The Internet Underground Music Archive is back

A huge part of online music’s forgotten history went back online this month, thanks to Jason Scott, the man behind Textfiles.com. Scott spent the past week uploading a huge chunk of the original Internet Underground Music Archive, also know as IUMA, to the servers of Archive.org. From his blog:

“Oh, you are in for a treat and a hell of a lot of modern musical history just got saved. This is over 25,000 bands and artists, and over 680,000 tracks of music. That number sounds made up, but I’m not kidding – six hundred and eighty thousand songs are in this collection.”

IUMA was the Internet’s original hosting service for licensed music downloads. Launched in 1993, it not only predated MP3.com as a service where musicians could upload their own songs, but actually came before the MP3 format and most of the web itself. But the site also struggled to pioneer a business model for online music, and eventually shut down in 2006, with hundreds of thoudsands of songs going offline – until now.

The birth of IUMA

IUMA’s story began in the early nineties with a guy called Jeff Patterson, who was playing with a punk band called The Ugly Mugs in Santa Cruz, California. The band was touring local clubs but wanted to reach a wider audience.
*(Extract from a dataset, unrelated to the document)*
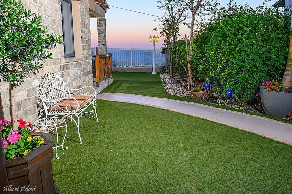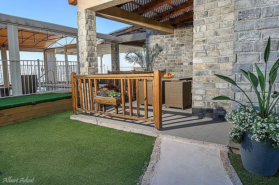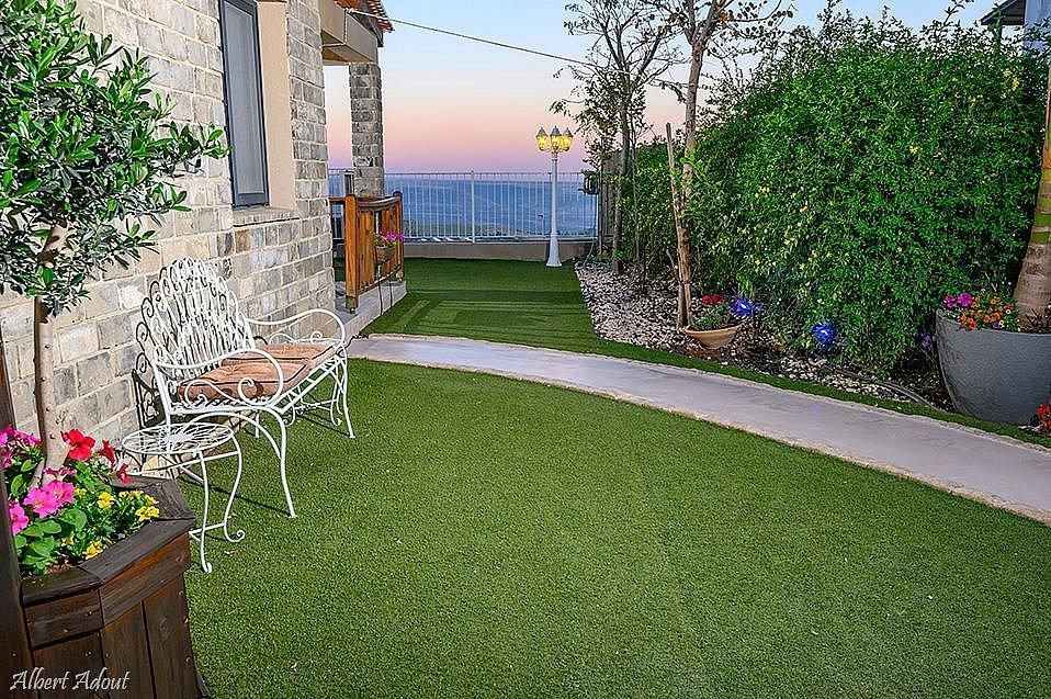סלון חוץ גדול, ערוגות נוי, ספסלים

One day, Patterson and his friend Rob Lord — who later went on to work for the MP3 software maker Nullsoft — stumbled across the MP2 audio format.
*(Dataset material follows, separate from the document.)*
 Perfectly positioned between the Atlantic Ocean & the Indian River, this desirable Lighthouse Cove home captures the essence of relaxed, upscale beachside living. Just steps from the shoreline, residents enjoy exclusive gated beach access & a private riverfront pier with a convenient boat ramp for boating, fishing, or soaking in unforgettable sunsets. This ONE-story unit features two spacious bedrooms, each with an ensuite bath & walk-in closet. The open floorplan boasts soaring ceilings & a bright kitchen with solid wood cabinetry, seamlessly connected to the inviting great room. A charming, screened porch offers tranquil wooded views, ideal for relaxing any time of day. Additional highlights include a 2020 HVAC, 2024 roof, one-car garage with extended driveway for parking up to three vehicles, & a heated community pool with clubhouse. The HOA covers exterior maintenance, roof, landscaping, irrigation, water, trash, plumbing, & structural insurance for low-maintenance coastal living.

That predecessor of today’s MP3 files offered the ability to compress music files to about a tenth of their original size without sounding too bad, and Patterson and Lord started to upload MP2-compressed Ugly Muggs songs to a public FTP server.

Soon, they started to upload songs of roommates and other local bands as well. Then they decided to make the music more accessible, first through a gopher page and then a website. The Internet Undergroud Music Archive was born.

Fame and struggles

IUMA was a pioneer and it captured many people’s imaginations. CNN and Rolling Stone reported on the site, and Rob Lord told a reporter of the San Jose Mercury News that the site wanted to “destroy record labels.”

IUMA initially just asked musicians for donations, then started to charge them hefty fees to distribute their music. The company also briefly ran its own record label, offering bands the ability to sell their CDs through the site. And in 1997 — just before Napster was ready to disrupt the music industry with MP3 file sharing — IUMA decided to partner with Liquid Audio to sell copy-protected downloads. Guess how that turned out.

The site was bought by Emusic a year later, and for a while flourished — only to be hit hard when the bubble burst. Emusic laid off IUMA’s staff in early 2001, and sold it to the European online music venture Vitaminic in March of that year. The company initially promised to use IUMA for its U.S. expansion, but eventually shut it down by 2006.

Saved by John Gilmore

Luckily, Electronic Frontier Foundation co-founder John Gilmore managed to scrape the site before it went completely dark. Again, from Scott’s blog:

“He grabbed a copy of all he could – which wasn’t all of it, of course, but it was a hell of a lot of it. He stored them on some backup tapes, and as the site went down, disappeared, and faded into the mists of memory, he looked for a chance to have someone get a copy up somewhere. I was that person.”

Uploading all that data apparently took some time, but Scott tweeted late Monday that IUMA is resurrected:

The resulting archive isn’t just a whole lot of interesting music — with many tracks of musicians who later went on to be famous — it’s also an early testiment of the power of disruption that the Internet would exert on the music industry.